Policy
Why Europe's advanced-fuel mandates are an African opportunity
Nicolas Couture-Miambanzila · Managing Partner, Parkactive Group
Europe has legislated a demand it cannot yet supply. That gap is where Africa's waste becomes an asset.
The EU's Renewable Energy Directive (RED III, Directive 2023/2413) sets binding 2030 transport obligations — either a 14.5% reduction in greenhouse-gas intensity, or a 29% renewables share — together with a combined sub-target of 5.5% for advanced biofuels and renewable fuels of non-biological origin. Crucially, recycled carbon fuels (RCFs) — fuels made from non-recyclable waste streams such as mixed plastics — sit within the directive's scope. The fossil comparator is fixed at 94 gCO2e/MJ, and compliant fuels must beat it by a wide margin.
This is demand created by law, not by sentiment — and it rises every year through 2030. Yet the supply of genuinely advanced, waste-derived fuels remains thin. Most feedstock-rich geographies in Europe are already contested; the obvious waste streams are spoken for.
Africa changes the equation.
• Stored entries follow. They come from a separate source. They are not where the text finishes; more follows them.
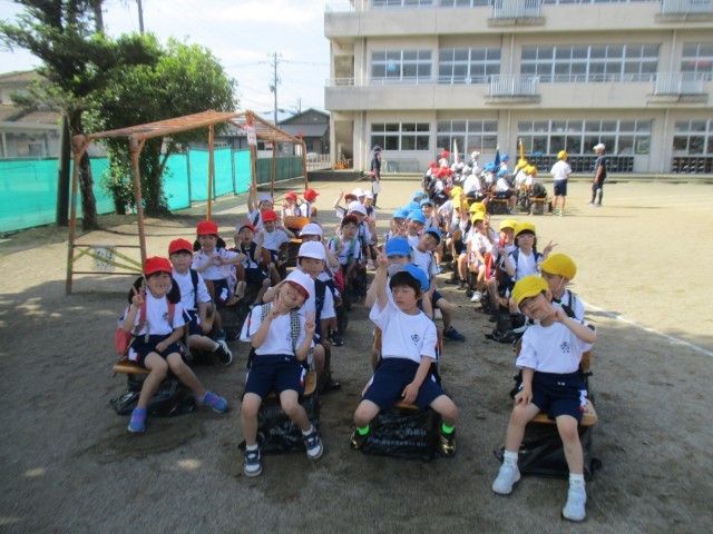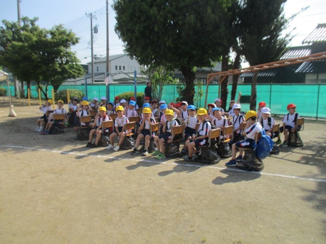 椅子をもって、外履きに履き替え、グラウンドに出て、色団ごとに並ぶ。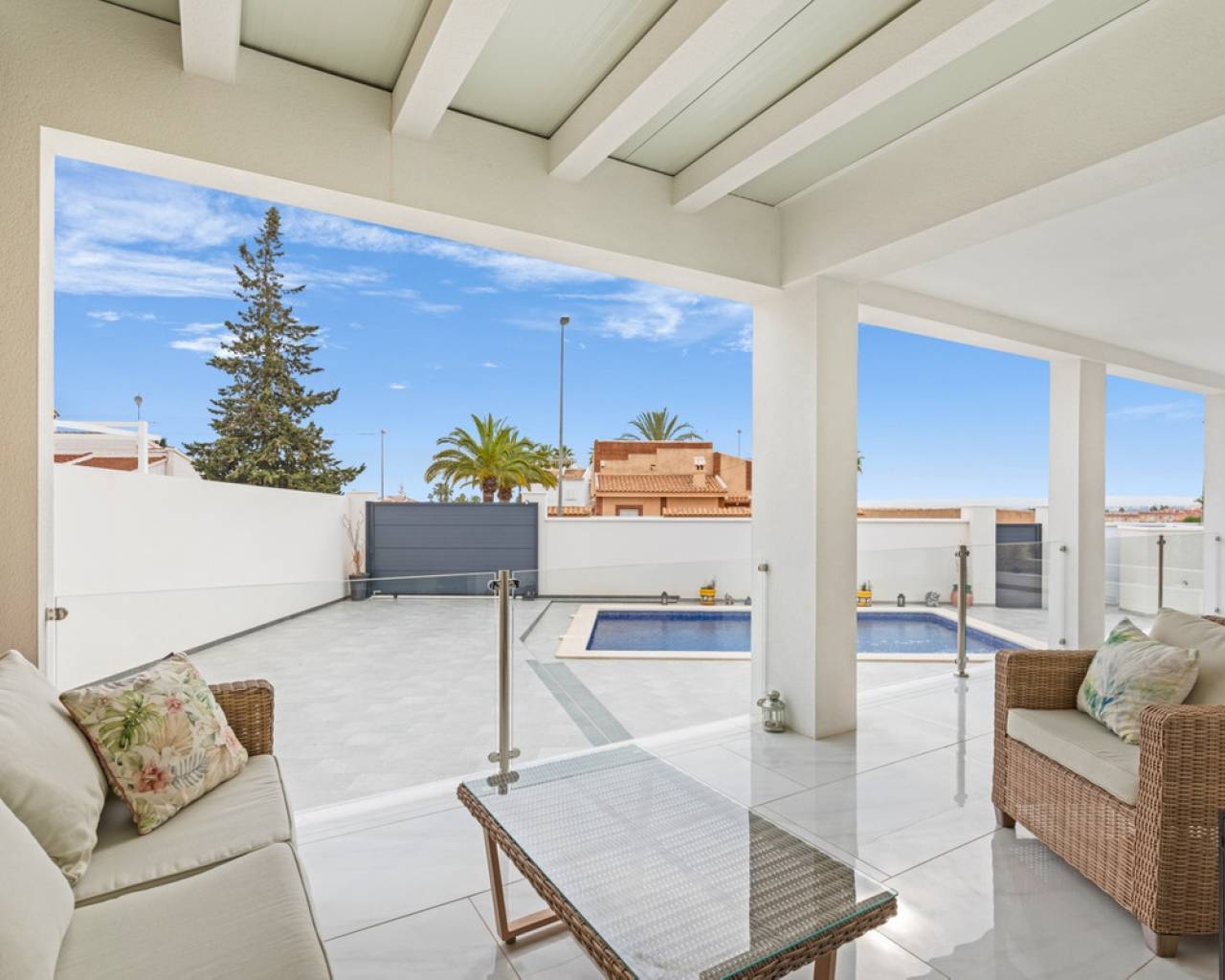 Located in one of the most exclusive and tranquil areas of Ciudad Quesada, this modern villa with contemporary design is the ideal home for those seeking luxury, comfort, and an excellent quality of life. With a total of 160 m² built on a 500 m² plot, this property offers the perfect combination of spacious areas, high-end finishes, and a privileged environment, all in a well-connected location with easy access to the region's main attractions. This stunning villa features 3 spacious and bright bedrooms on the upper floor, each with an en-suite bathroom and large windows that allow you to enjoy the beauty of the natural surroundings. Two of the bedrooms have direct access to a private terrace, offering privacy and comfort. Additionally, there is a guest toilet on the first floor for the convenience of residents and their visitors. The independent-style kitchen is equipped with high-end appliances and a central island. The open, fluid design integrates perfectly with the house, creating an ideal space to socialize and enjoy time with family or friends. From the living room, panoramic views unfold before you, providing a relaxing and light-filled atmosphere. The garden houses a private pool, where you can enjoy the warm Mediterranean climate in total privacy. The outdoor area is perfectly equipped with a terrace designed to help you relax and unwind in the chillout zone, or to dine al fresco, along with a landscaped area ideal for those looking to enjoy the outdoors without leaving home. The panoramic views from the property towards the coast and surrounding natural environment are simply breathtaking. The exterior storage room, discreetly located on one side of the property, is a standalone space that blends seamlessly with the design of the house, offering an excellent solution for additional storage. To ensure maximum comfort year-round, the villa is equipped with air conditioning in all rooms. Additionally, the property has private parking within the plot, where you can park your vehicles safely and conveniently. The property is south-facing, ensuring excellent natural light and a pleasant temperature throughout the day. This orientation also optimizes the views, providing an ideal setting to enjoy sunny afternoons and mild Mediterranean evenings. The villa is just a 15-minute drive from the best beaches in Guardamar. Only 5 minutes from the property, you'll find a wide variety of shops, supermarkets, and restaurants, ensuring you have everything you need for your day-to-day life without having to travel far. Additionally, golf lovers will be pleased to know that the nearest golf courses are only a 10-minute drive away, making this villa the perfect place to enjoy the sport. This property has been designed to offer you a comfortable, relaxed, and exclusive lifestyle, combining luxury, functionality, and an enviable location. Whether as a permanent residence or a second home, this villa provides everything you need to make the most of the Mediterranean climate and the life on the Costa Blanca. Don't miss the opportunity to visit it. Contact us today for more information or to schedule a viewing and discover your new home on the Costa Blanca!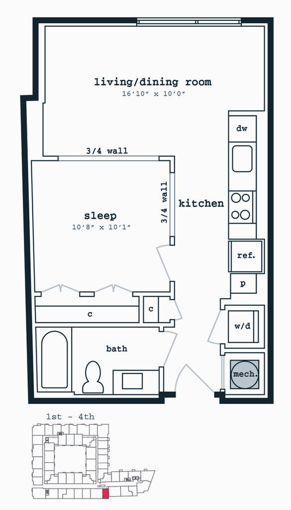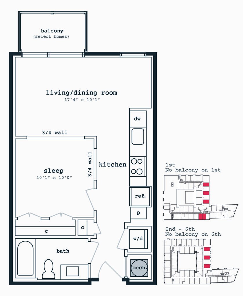 Estudio, 1 Baño, 529-547 pies²Disponible AhoraGalería del Modelo

The continent generates enormous and fast-growing volumes of plastic and municipal waste that today escape any formal value chain. Convert that waste into a certified low-carbon fuel, and you connect an under-priced local liability to a regulated, premium European market. The arbitrage is not financial engineering; it is geography meeting policy.
Parkactive's role is to make that connection bankable and repeatable — to originate the feedstock, build to the right standards, and certify the molecule so it counts where it matters. The mandate is European. The opportunity, increasingly, is African.
Science
Recycled Carbon Fuels, explained: from unrecyclable plastic to drop-in diesel
A conversation with a conversion-process chemist on Parkactive's technical advisory network
"None of this is exotic. The chemistry has been understood for decades. The discipline is in doing it cleanly, consistently and to spec."
Q. Start simple — what actually happens to the plastic?
Mixed plastics that cannot be mechanically recycled are heated in the absence of oxygen. The long polymer chains break down — depolymerise — into a synthetic oil. That oil is then upgraded and refined the way any hydrocarbon stream is, until it meets a finished-fuel specification.
Q. And the output is a real, usable diesel?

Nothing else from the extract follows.